If there’s one phrase that stands out for me from all the work I’ve done it’s: ‘I am stretched to the edge of my ability in a teaming and supportive environment.’
BDLN:
How can managing partners of smaller firms attract top talent?
Mike Cullen:
“If you unpick what drives employee engagement and motivation, you’re left with two things. First, the nature of the work itself – the experience and type of work you are going to give people. Any smaller firm can challenge a larger firm for talent if you can explain the nature of the work and excite people. If I was pitching for a smaller firm for example, I’d focus on the fantastic clients we work with eg local entrepreneurs and highlight the fact you’d get more access to owners of businesses. Or a sector niche we had eg in biotech or a sector really relevant to our location as a business.
“The second important factor is the teaming environment of the business. If there’s one phrase that stands out for me from all the work I’ve done on what drives engagement it’s: “I am stretched to the edge of my ability in a teaming and supportive environment.” My message to firms large and small is to aim to get their staff to feel that.

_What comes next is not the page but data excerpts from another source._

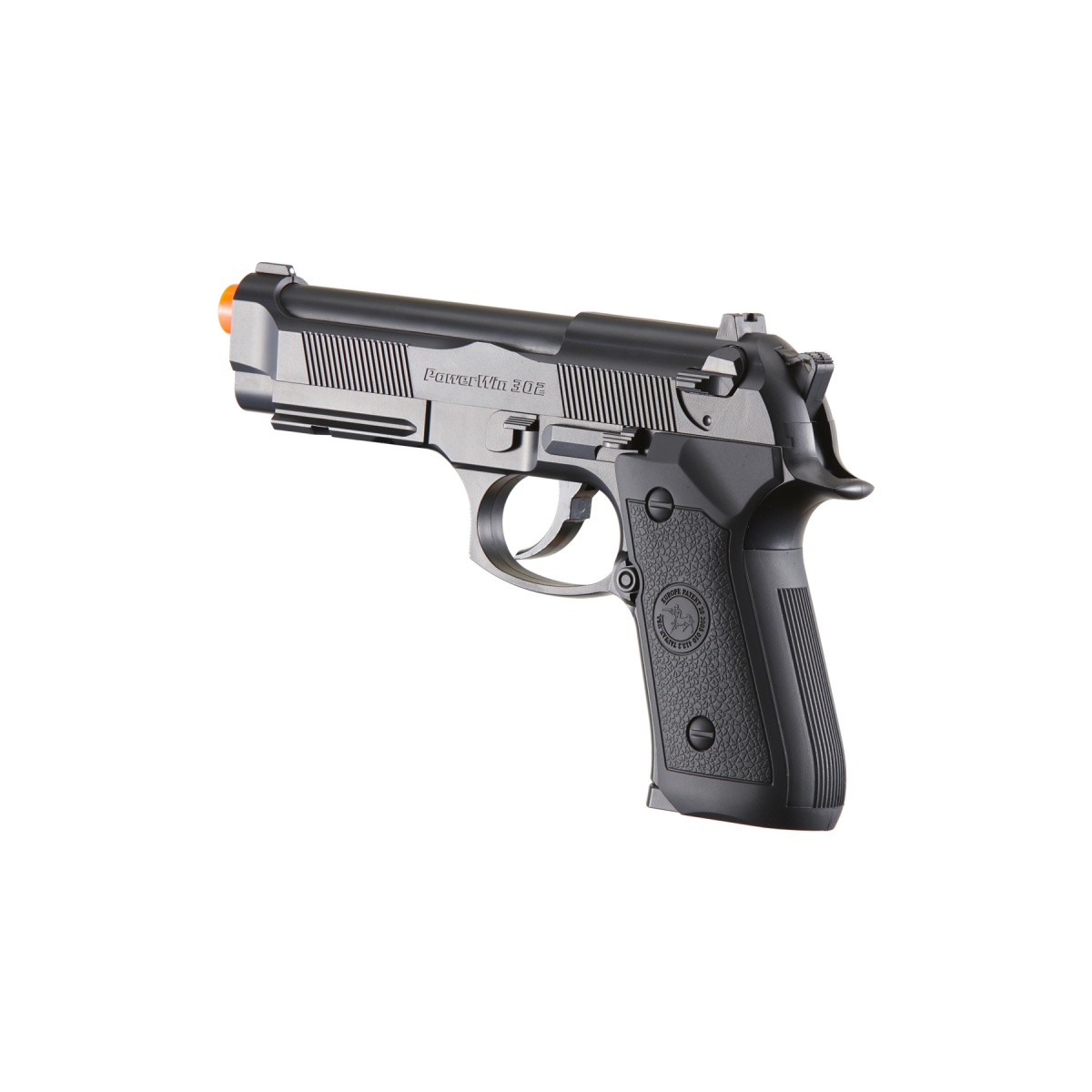 The WinGun 302 Non Blowback M9 Airsoft Co2 Pistol is a reliable and efficient sidearm built for players who want consistent performance and ease of use on the field. Designed as a 1 to 1 scale replica of the classic M9 pistol, this model offers a realistic look and feel while keeping functionality at the forefront. Constructed with a strong polymer frame, the pistol remains lightweight and durable, making it easy to carry for extended gameplay without adding unnecessary weight. Powered by Co2, the non blowback system delivers an impressive muzzle velocity between 370 and 400 FPS with 0.20g BBs, giving players a powerful and accurate option for sidearm use. The pistol comes with a fixed hop up system, 15 round magazine capacity, and a simple semi automatic firing mode with a safety function to ensure reliability in every shot. One of the standout features of the WinGun 302 is its highly efficient Co2 system that prioritizes velocity and consistency over recoil simulation, making it ideal for players who want speed and range over blowback realism. The grip design includes a built in Co2 cartridge compartment with a tool less cartridge screw, allowing quick and easy cartridge swaps in the middle of a game. This design choice also keeps the magazine smaller and lighter, helping with faster reloads and less bulk. The pistol length measures 8 inches and weighs only 1.1 pounds, giving players a balanced and compact secondary option without sacrificing performance. Whether you are a competitive player looking for an efficient backup or a new airsoft enthusiast who wants a durable and affordable sidearm, the WinGun 302 M9 Co2 pistol is a strong choice. With its realistic appearance, dependable Co2 power, and user friendly design, this sidearm is ready to keep you equipped and effective on the field.
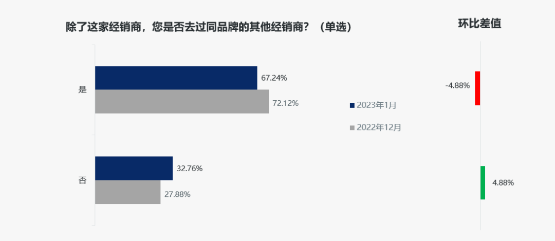 通过 “除了这家经销商,您是否去过同品牌的其他经销商?” 指标发现,去过同品牌经销商的比例环比降低了4.88%,初步判断受春节月各店购车优惠力度加大有关。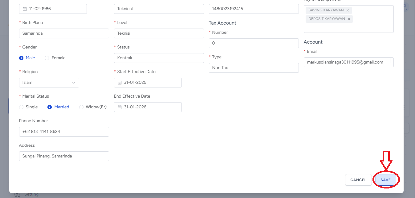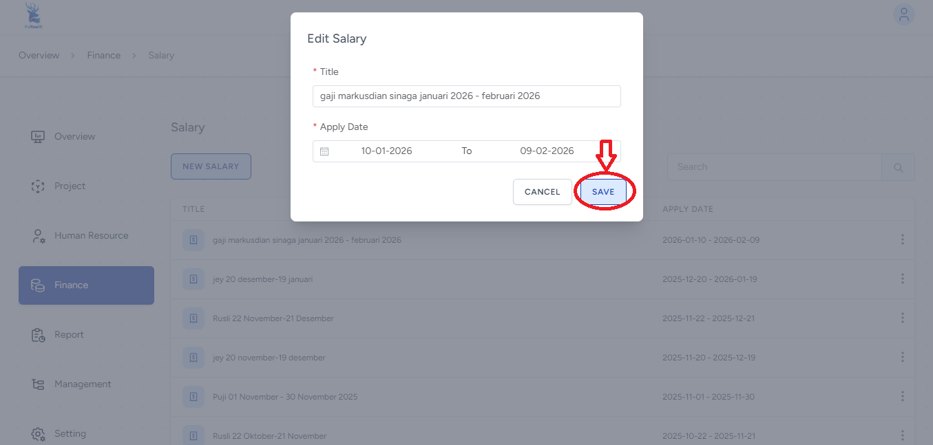 Masukkan nama karyawan dan periode bulan yang diinginkan (contoh: gaji markusdian sinaga Januari 2026 - Februari 2026), Kemudian klik SAVE.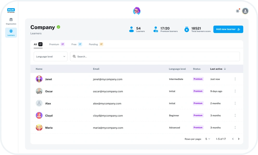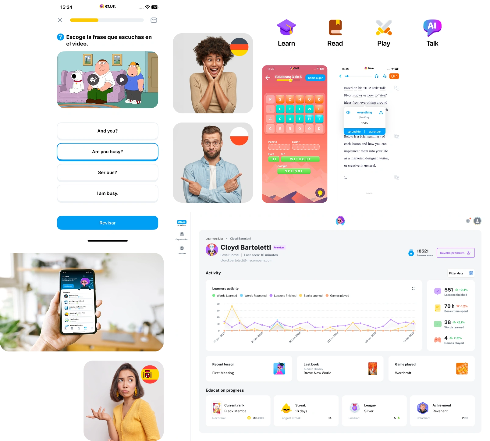 EWA combines adaptive learning, AI technology, and a real-time admin dashboard to help language schools and academies track student progress and boost engagement — with zero IT complexity.

That’s why talent and market strategy are two sides of the same coin: to attract high performance individuals you must demonstrate you’re going to give people experience to last a lifetime
“How you achieve that feeling in your staff is down to your market and business development strategy. This is where your market strategy links into your talent strategy. The market strategy has to deliver stretching work and experience that will last. So your market strategy needs to be focused and clear. For a small firm, the experience you get – and impact you can make – looking after a small family firm where you know the owners is going to be very rewarding.
“That’s why talent and market strategy are two sides of the same coin: to attract high performance individuals you must demonstrate you’re going to give people experience to last a lifetime in a teaming and supportive environment. Your market strategy is how you’re going to deliver that. If your market and talent strategies are not totally connected, you won’t attract the people you want and the ones you have will leave.”